- _What the task requires_: Please output the records below word for word and omit the pictures.

(Items from a data source)
━━━━━━
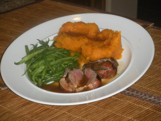 Without an extensive search of my photo archives, I needed to come up with a photo for today. This is good for me because it makes me create a winning dinner. Although John did a great job on the pork by cooking it in a really slow oven and then searing it for a crust and I spent time frenching the green beans, the real star of the dinner was the butternut squash. After John split the squash and gutted the seeds, I roasted it in a 400 degree oven for about an hour and then scraped out the flesh. The butternut squash was enhanced by salt, pepper, nutmeg and some butter spray. The squash itself happened to be exceptional tasting. Sometimes you just need to let the vegetable speak for itself.
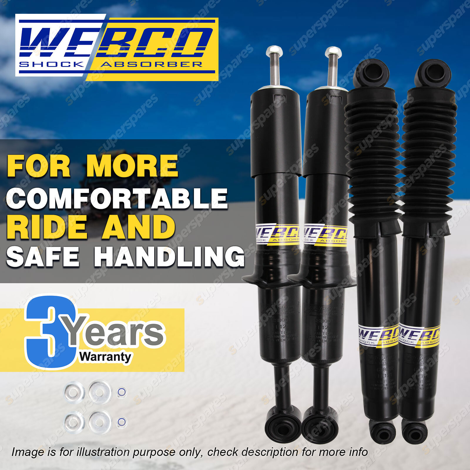 CONTENTS: 2 Pcs Front Webco Spring Seat Strut Shock Absorbers 2 Pcs Rear Webco Heavy Duty Shock Absorbers SUITS: GWM Great Wall Cannon 2020-on (*please advise year model, so we can make sure send you the right parts) |
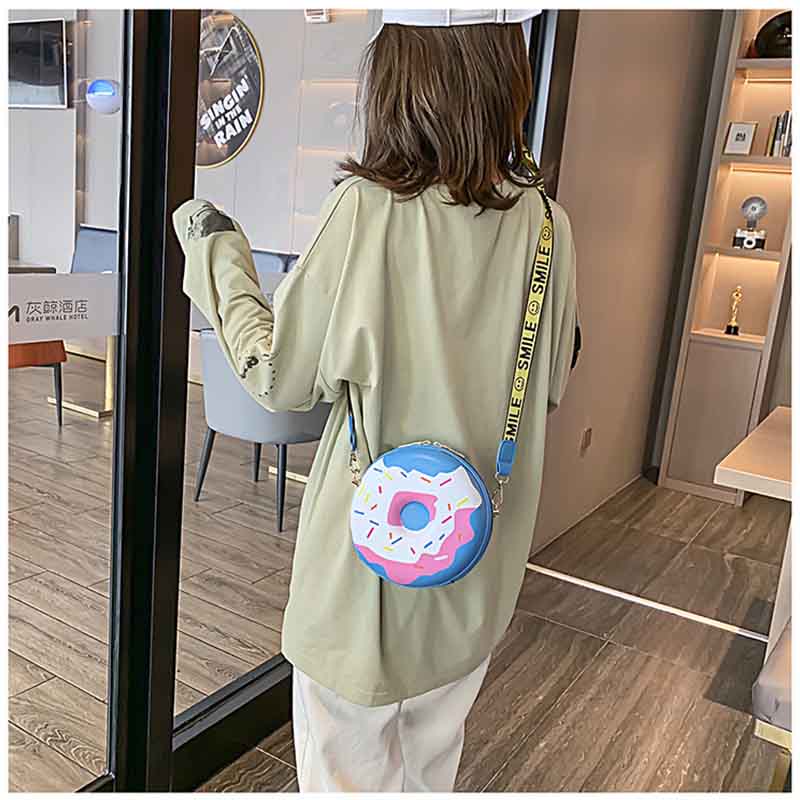 Womens Doughnut Crossbody Purse PU Shoulder Bag-Blue
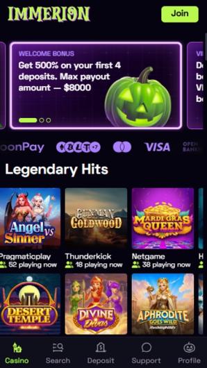 Immerion Casino boasts quite an impressive gaming library counting over 6000 games powered by some of the well – regarded iGaming industry software developers. The casino offers a wide range of slots, table games, live casino options, jackpot games, and more.
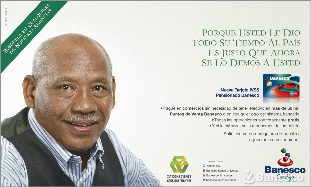 Aviso de prensa, nueva tarjeta IVSS Pensionado Banesco. Para pago sin efectivo en cualquier punto de venta Banesco, operaciones totalmente gratis, reposición inmediata si se extravía. Solicitud en cualquier agencia Banesco.
━━━━━━
- _Response box_:
 Without an extensive search of my photo archives, I needed to come up with a photo for today. This is good for me because it makes me create a winning dinner. Although John did a great job on the pork by cooking it in a really slow oven and then searing it for a crust and I spent time frenching the green beans, the real star of the dinner was the butternut squash. After John split the squash and gutted the seeds, I roasted it in a 400 degree oven for about an hour and then scraped out the flesh. The butternut squash was enhanced by salt, pepper, nutmeg and some butter spray. The squash itself happened to be exceptional tasting. Sometimes you just need to let the vegetable speak for itself.
 CONTENTS: 2 Pcs Front Webco Spring Seat Strut Shock Absorbers 2 Pcs Rear Webco Heavy Duty Shock Absorbers SUITS: GWM Great Wall Cannon 2020-on (*please advise year model, so we can make sure send you the right parts) |
 Womens Doughnut Crossbody Purse PU Shoulder Bag-Blue
 Immerion Casino boasts quite an impressive gaming library counting over 6000 games powered by some of the well – regarded iGaming industry software developers. The casino offers a wide range of slots, table games, live casino options, jackpot games, and more.
 Aviso de prensa, nueva tarjeta IVSS Pensionado Banesco. Para pago sin efectivo en cualquier punto de venta Banesco, operaciones totalmente gratis, reposición inmediata si se extravía. Solicitud en cualquier agencia Banesco.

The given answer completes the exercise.